John McCain offered to have a series of extended town-hall meetings around the country. But favored candidates don't go in for unscripted free-range conversations. Fast Eddie Obama threw the new-politics mantra under the truck.

And then Thursday, Fast Eddie Obama had his finest hour. Barack Obama has worked on political reform more than any other issue. He aspires to be to political reform what Bono is to fighting disease in Africa. He's spent much of his career talking about how much he believes in public financing. In January 2007, he told Larry King that the public-financing system works. In February 2007, he challenged Republicans to limit their spending and vowed to do so along with them if he were the nominee. In February 2008, he said he would aggressively pursue spending limits. He answered a Midwest Democracy Network questionnaire by reminding everyone that he has been a longtime advocate of the public-financing system.

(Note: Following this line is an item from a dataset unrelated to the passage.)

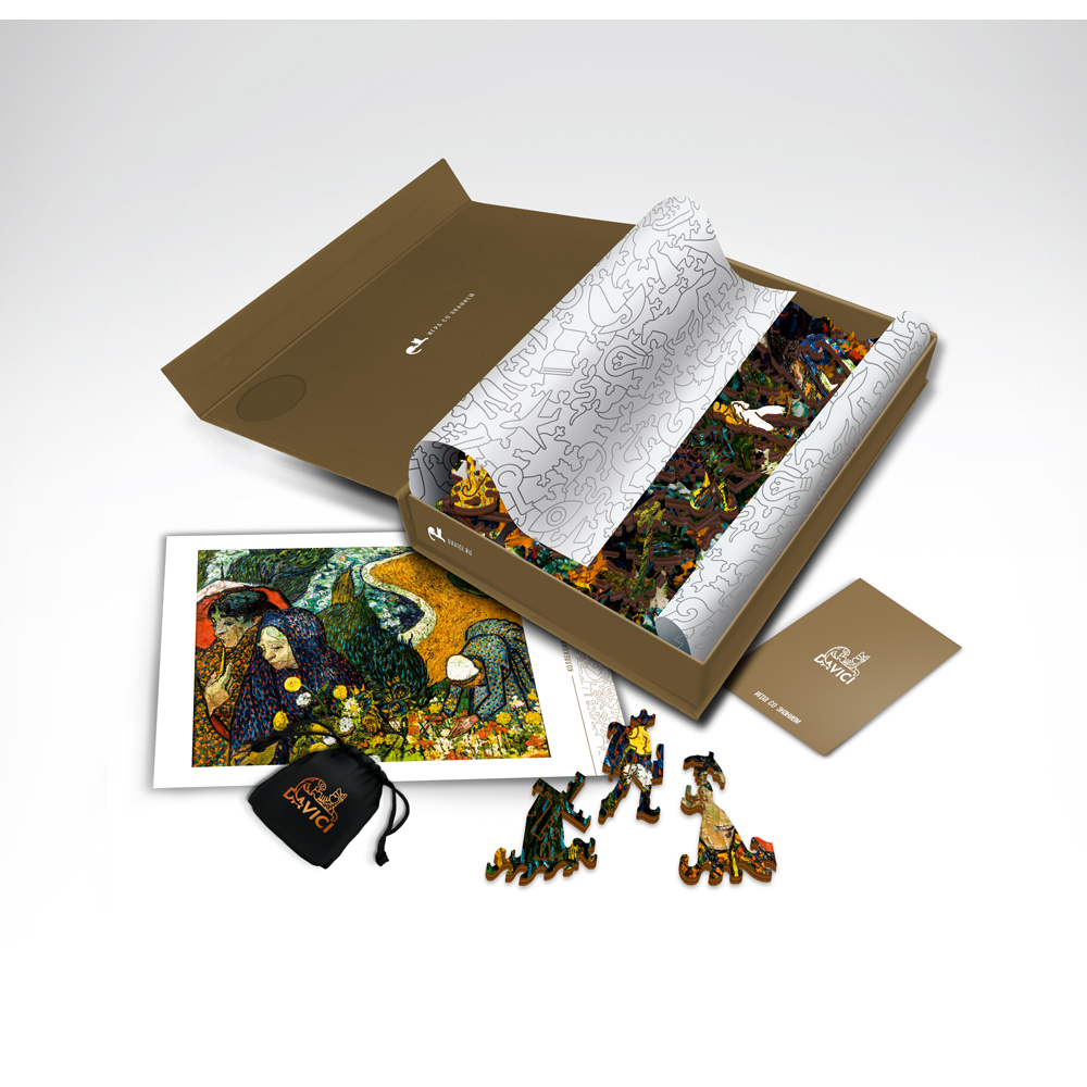 Spaziergang in Arles. Hermitage Kollektion. KstlerIn Vincent van Gogh, Leinwand, , 1888 DAVICI ist der aus Russland stammende Vorreiter im Bereich von Holzpuzzles mit fantasie-vollen Formen. Wie ein Buch erzlt die Box in deinen Hden die Geschichte der Kunstwerke mit Helden, Mchen und rselhaften Handlungen. DaVICI steht f einzigartige Puzzles aus hochwertigem Birkenholz mit extravaganten Formen und Liebe zum Detail. Durch prises Laserschneiden passen die aufwendig geformten Teile perfekt ineinander. In dieser Welt der Puzzles erwachen Menschen, Vel und wilde Tiere, Kige und Wanderer, Sterne und Plane-ten zum Leben. Die Motive der Puzzles basieren auf Gemden gror russischer Kstler. Das Gemde des Kstlers ergibt in Kombination mit den Puzzleteilen, die auf die Geschichte des Autors abgestimmt sind, ein vollkommenes Meisterwerk. Beim Zusammensetzen der intellek-tuellen DAVICI Puzzles tauchst Du in eine erstaunliche Welt voller Illusionen, Geheimnisse und Mysterien ein. Ein haptisches Vergnen mit grortigen Details und angenehmem Duft nach Holz. Die Puzzles von DAVICI schaffen wundervolle Erinnerungen und kostbare Gefle, und beleben etwas, das wirklich wertvoll ist.

But Thursday, at the first breath of political inconvenience, Fast Eddie Obama threw public financing under the truck. In so doing, he probably dealt a death-blow to the cause of campaign-finance reform.

And the only thing that changed between Thursday and when he lauded the system is that Obama's got more money now.

And Fast Eddie didn't just sell out the primary cause of his life.

He did it with style. He did it with a video so risibly insincere that somewhere down in the shadow world Lee Atwater is gaping and applauding.